Можно простить и серость Кузьме Гранилину. Наладить ему производство нескольких видов замков, передать скобяную мелочь и также помочь технологически. Чем тогда он будет не акционер? Да и Молохову поможет открыть глаза титулованное чучело Шульжин, ничего не смыслящий
Мысли Платона перескакивают на Клавдия. А вдруг?.. Чары любви необъяснимы. Вдруг в самом деле тоненькая ниточка Агния свяжет брачными узами Акинфиных с Молоховыми?.. Ведь любовь в самом деле необъяснима в своей мудрости и глупости...
Нет, решительно отгоняет нелепое, несуразное предположение Платон. Разумное для фирмы Платон считает безнравственным для себя. Как можно желать видеть ниткой близкую к идеалу и совершенству чистую, бескорыстную Агнию... Нет, нет, ее влюбленность пройдет, она отдаст дань девичьей наивности, поймет, как пуст Клавдий, и отвернется от него навсегда. Ей нужен такой же, как она. Вениамин мог бы освободить Агнию от плутовских чар...
ГЛАВА ДЕСЯТАЯ
Агния не освобождалась от чар, а осмысливала в бессонные ночи, как могла она позволить ему привести её к этой ранней потере юности и началу новой, зрелой жизни, к которой она не была готова и которая теперь страшит.
Ей очень хотелось оправдать себя и поднять Клавдия в своей душе.
Она знала, что Клавдий рано пристрастился к вину.
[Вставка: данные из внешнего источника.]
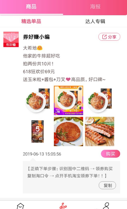 3、用户向好友分享商品可获得返利,分享越多返利越多。创新三级分销体系,邀请好友购物可获1%-15%不等佣金。每月推出爆品高返活动,部分商品返利比例高达30%,轻松实现自购省钱、分享赚钱。

Быстро хмелел, а охмелев, давал больше воли слабости. Болтовне. Выдумыванию. Прожектерству. Хвастовству. В этих случаях он становился не только недалеким, но и смешным в несусветности своей околёсицы. Клавдий мог рассказать, как однажды он танцевал с императрицей. Ему ничего не стоило соврать и поверить совранному. Но лгал он обо всем бескорыстно. О встрече с медведем, которого он прирезал перочинным ножом, вонзив его в сонную артерию зверя. Для него ничего не стоило на пари переплыть Ла-Манш или пробыть под водой около часа, держа во рту резиновую трубку. Меткость стрельбы удивляла и его самого. Оказывается, он без промаха бил из ружья, заряженного маленькой дробинкой, в комара за окном, мог острой саблей отсечь половину крыла летящей пчеле и загипнотизировать волка...
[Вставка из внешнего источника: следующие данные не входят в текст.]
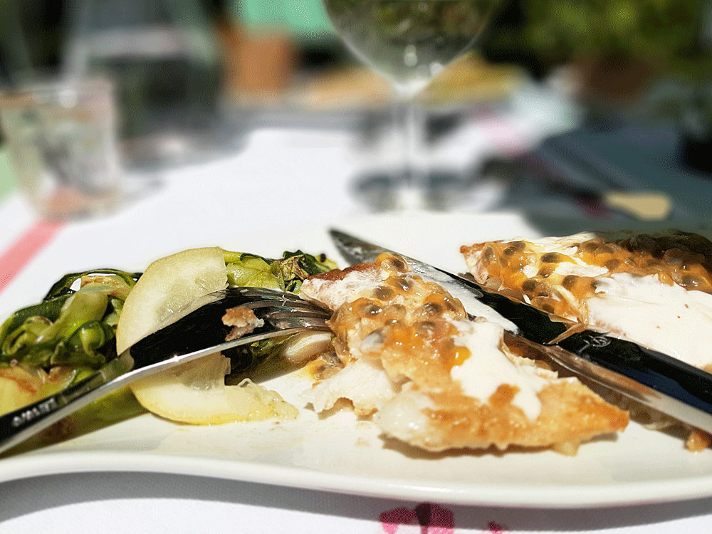 6. Terminer en versant la crème sur le poisson, puis la chair d’une moitié de fruit de la passion. Recommencer pour la seconde assiette et servez aussitôt. Bon appétit ![]()

Мало ли что сочинял он! Кто не был одержим мальчишечьим враньем. Можно сожалеть, что это мальчишество не оставило Клавдия до двадцати одного года. Оставит позднее. Не всегда же он будет распевать пошленькие песенки и с увлечением рассказывать, как в парижской оперетте выручил больного премьера и в течение десяти дней пел за него и как антрепренер, не зная, что он сын миллионера Акинфина, предлагал ему уйму франков за каждый выход на сцену.
Нелепо это. Нужно простить ему наивное вранье, не преследующее выгод, наживы и ничего, кроме желания еще больше понравиться ей. Несчастное дитя, испорченное матерью и гувернанткой.
Пройдет это все, и папа поймет, что он будет хорошим мужем и счастливым отцом.
Надеясь на это, Агния засыпала под утро. Отца третий день нет дома. Он куда-то уехал, сказала дочери Феоктиста Матвеевна и пообещала:
— Обойдется, Агонька, все обойдется, потерпи.
Днем к Молохову приезжала Жюли.
— Я хотела бы лично, Феоктиста Матвеевна, рассказать кое о чем Василию Митрофановичу.
— Не теперь бы, милочка. Повременить бы... А может быть, и не надо... Он любит сам доходить до всего и сам решать. И решит. По-отцовски решит. Агочка-то у него, как и у меня, одна.